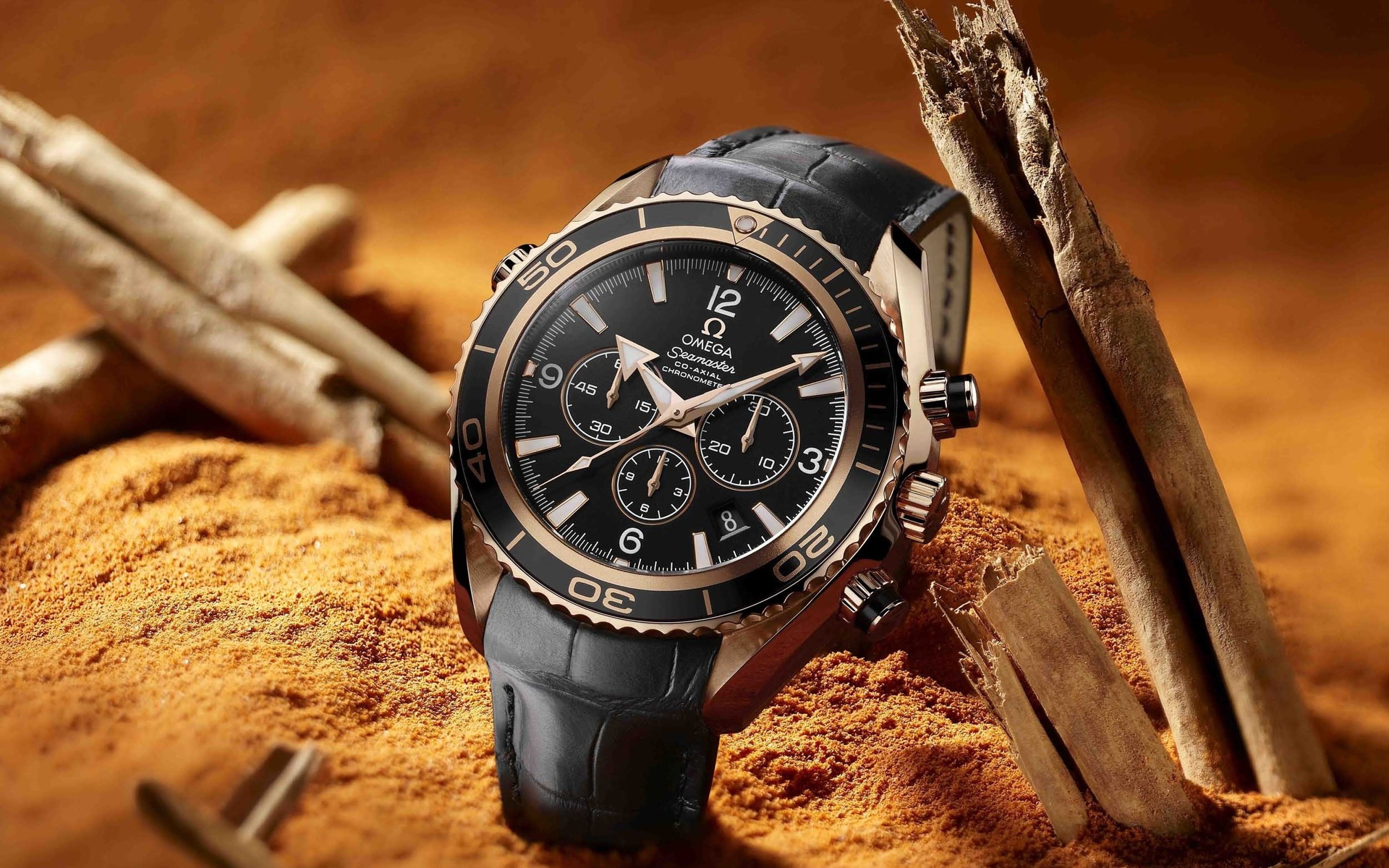 Description: A watch sitting on a pile of sand next to a tree branch and a piece of wood with a stick.
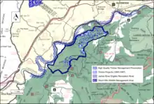 Wilson Mountain, a long ridge facing the James River with a 2044 feet elevation,[8] is composed of quartzite and metasiltstone.[9][2] This ridge is just south of the section of James River that forms the boundary between two physiographic provinces, the Blue Ridge and the Ridge and Valley. Whereas the Blue Ridge Mountains are composed mostly of granitic/metamorphic rock, the Ridge and Valley is composed of sedimentary, folded rock. Thus the area forms a habitat linkage between the two provinces.[2]
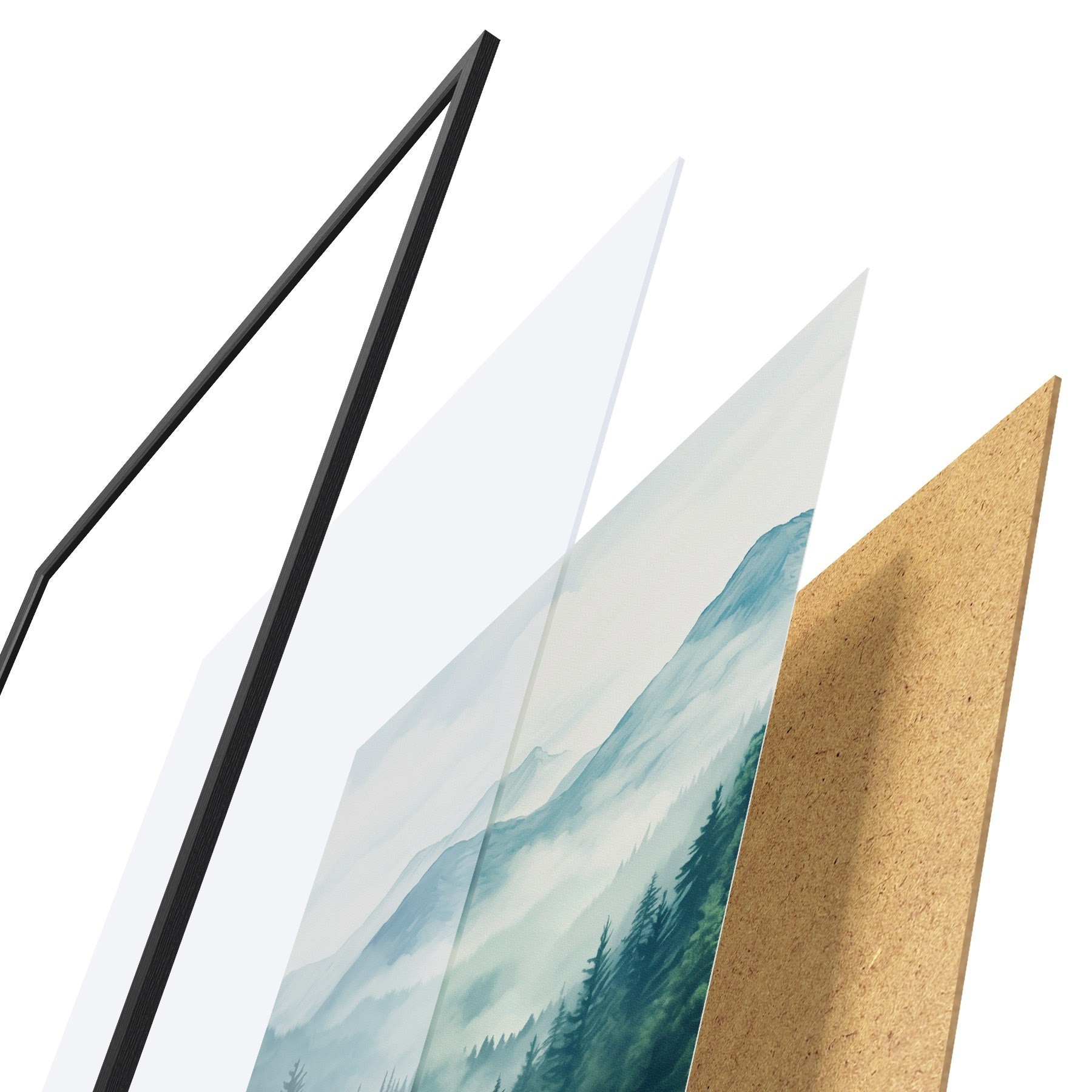 Das Poster besteht aus einem Rahmen, Plexiglas, einem gedruckten Bild und einer Rückwand aus Spanplatten. Dank der Halterungen auf der Rückseite kann das Poster sofort an die Wand gehängt werden.
+++++
- **Problem details**:
Restate the material above word for word, omitting the pictures.

- **Written solution**:
 Description: A watch sitting on a pile of sand next to a tree branch and a piece of wood with a stick.
 Wilson Mountain, a long ridge facing the James River with a 2044 feet elevation,[8] is composed of quartzite and metasiltstone.[9][2] This ridge is just south of the section of James River that forms the boundary between two physiographic provinces, the Blue Ridge and the Ridge and Valley. Whereas the Blue Ridge Mountains are composed mostly of granitic/metamorphic rock, the Ridge and Valley is composed of sedimentary, folded rock. Thus the area forms a habitat linkage between the two provinces.[2]
 Das Poster besteht aus einem Rahmen, Plexiglas, einem gedruckten Bild und einer Rückwand aus Spanplatten. Dank der Halterungen auf der Rückseite kann das Poster sofort an die Wand gehängt werden.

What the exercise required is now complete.